12:12 “We look forward to the action, Mr Speker” – Labour MPs moan, and rightly. You can say many things about the last few days, but there has been plenty action.

12:14 Darling shakes his head when Hague says nationalised banks can lend at 2007 levels. I have some inside info on this.

12:16 My God, Harman should be drawn back to the House to apologise – she repeated the Bronwie that debt went from 43% to 37%. There is no debt measure that says so. The ONS ruled in Feb that NR has to go on the accounts so it is 43.3%.

12:18 Hague finally on good form  – boom and bust pledge “one of the most foolish, hubristic and irresponsible claims ever made by a UK prime minister.” Harman bleats on about not writing Britain off and meekly describes Brown as “man with a plan.”

12:20 Cable – seems to go on a Keynesian argument that the government shouldn’t be rationalising public sector staff in a downturn.
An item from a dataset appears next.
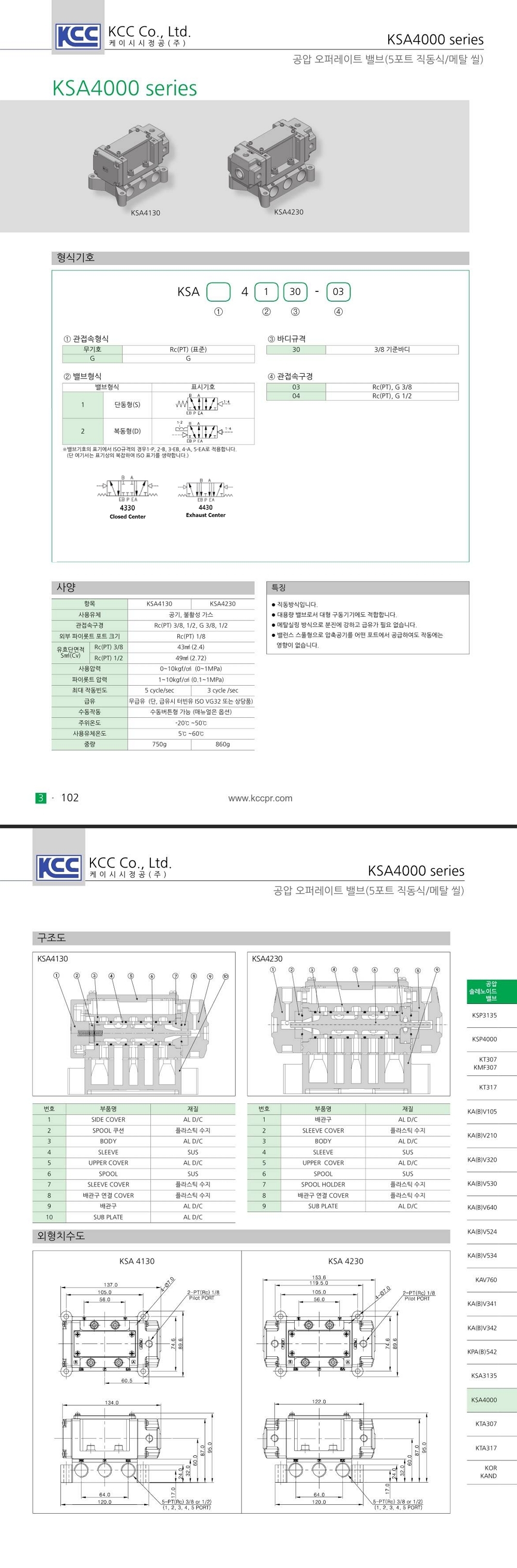 KSA4130 4230 4330 시리즈 대용량 5포트 직동 메탈씰 Rc(PT) 3/8, 1/2

Harman bleats on about 600,000 vacancies in the economy – as if that counteracts the soaring unemployment. That defence wont last long.

12:23 Cable has a good point on interest rates, and he looked genuinely angry as he delivered it. There is a good case to look again at BoE “independence” model – the last ten years led us to a horrible monetary explosion which fuelled the Brown boom. Its that kind of “out of the box” thinking I’d like to see the Tories do more of.

12:24 Now on to the Icelandic mess – 100% protection for charities who have money there. I wonder if she’d have frozen the assets if it had been the Bank of Texas doing all that cheap lending…

12:26 Labour backbenchers have not yet demanded that banks give away money to people with low credit ratings. Plenty of time for that, though.

12: 29 Crispin Blunt brings up Equitable Life. 

Harman says that it is wrong to say Brown responsible for banking crisis when its origins were global. Well maybe he is because he drew up the regulation system that failed to spot we had the most over-extended banks outside of Iceland?

12: 30 Philip Davies (Con, Shipley) nails it – Brown’s tripartite system failed. Will the government take any responsibility? Harman goes back to her notes. “I do not think the crisis is the responsibility of the one million extra homeowners” (Brown used to say 1.8 million). And no, that’s not what he was suggesting. Please, Tories, keep going on this.

Jim Devine asks how many will benefit from minimum wage increase, and bashes the SNP (by-election coming up, anyone?) Harman said 90,000 people in Scotland would benefit. Tiny. That’s about the number on benefits in Glasgow.

Plaid’s Adam Price says Harman apologised for Iraq – why not the economy? Because Brown doesn’t do sorry. Harman reads out the answer she had been given on Iraq and withdrawal. The question was about economics. 

Tom Levitt (Lab, High Peak) asks for assurance that target of abolishing child poverty by 2020 will remain in place. Yes, says Harman. We will have to sit back and watch poverty come back with a vengeance – social dislocation will be just one of the prices we may pay for the economic tsunami that is about to strike.